Carol sat quietly, looking from one to the other—her buxom aunt in khaki riding breeches, and Lane seething in citified tweeds. Outside the trailer there was a rocky shelf which loomed over a valley to the east.

“They said that things sat on their chests and stopped their breaths,” Professor Warren went on, “so they ducked under the covers and the ha’nts went away. I was scornful! But now I think that they may have been right!”

Lane forced himself to sit down. He lighted a cigarette. “There was something that tried to strangle me,” he said savagely, “and it whined while it did so. I heard the same sound just outside, and the dog saw something. But whatever attacked me and the Monster was invisible! And that’s impossible! Real things can’t be invisible!”

“Not quite invisible,” the professor said calmly. “What do you think I was trying to do with screen wire set up on the two sides of a bit of buzzard bait?
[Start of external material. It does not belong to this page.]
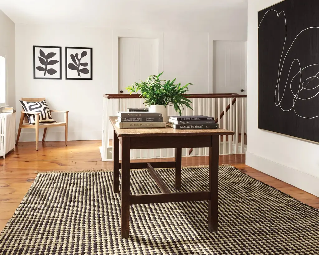 Multi-stranded flatweave rug has a natural warp and alternating black and ivory chunky weft for a textural check that reads like a dot. The natural silky slubby sheen of the jute is artfully presented with this simple, dramatic pattern. This simple flatwoven jute design offers beauty and appeal on a scale that makes it modern and timeless.Eco-friendly, ultra durable and great for any indoor room.
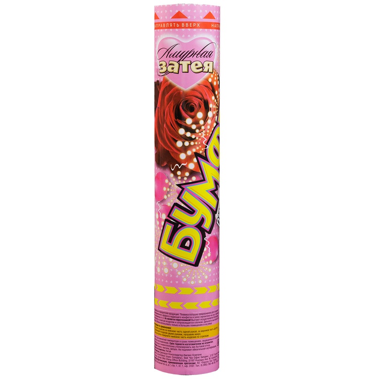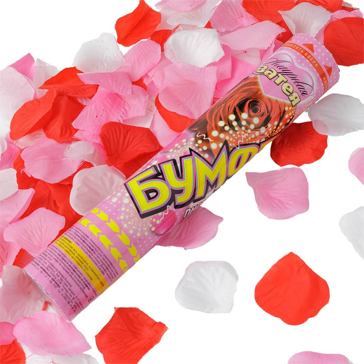 Пневматическое устройство, аналог хлопушки, абсолютно безопасное, предназначено для использования в помещении и на улице, дальность выстрела 5-7 м. Корпус хлопушки состоит из двух частей: пневматического баллона со сжатым воздухом и картонного цилиндра с наполнителем. Баллон изготовлен из металла, надежен и безопасен при хранении и в использовании, обладает высокой прочностью, чтобы выдержать давление воздуха. Выстреливает тканевыми лепестками розовых, белых и красных роз.

I was trying to see what kept it from reeking to high heaven! Didn’t you ever hold a match six inches from your nose, and look at the world through the hot gases above the flame? Things wobble and waver when you do. How do you think I made up my mind there were gaseous dynamic systems around here? When you look through one of them, things waver and wobble! The things you’re talking about are just as invisible as the column of hot air above a match, which means they’re not easy to see—you have to know what to look for—but they can be seen!” “Then what tried to kill me?”

“Certainly a dynamic system,” the professor insisted. “It had to be. A dynamic system is a parcel of matter using energy in a patterned way. A whirlwind’s a dynamic system. So’s a gasoline engine. Or a rabbit, or a man. Whatever attacked you and the Monster had to be a dynamic system because it used energy in a patterned fashion. Look here! Blow a smoke ring.”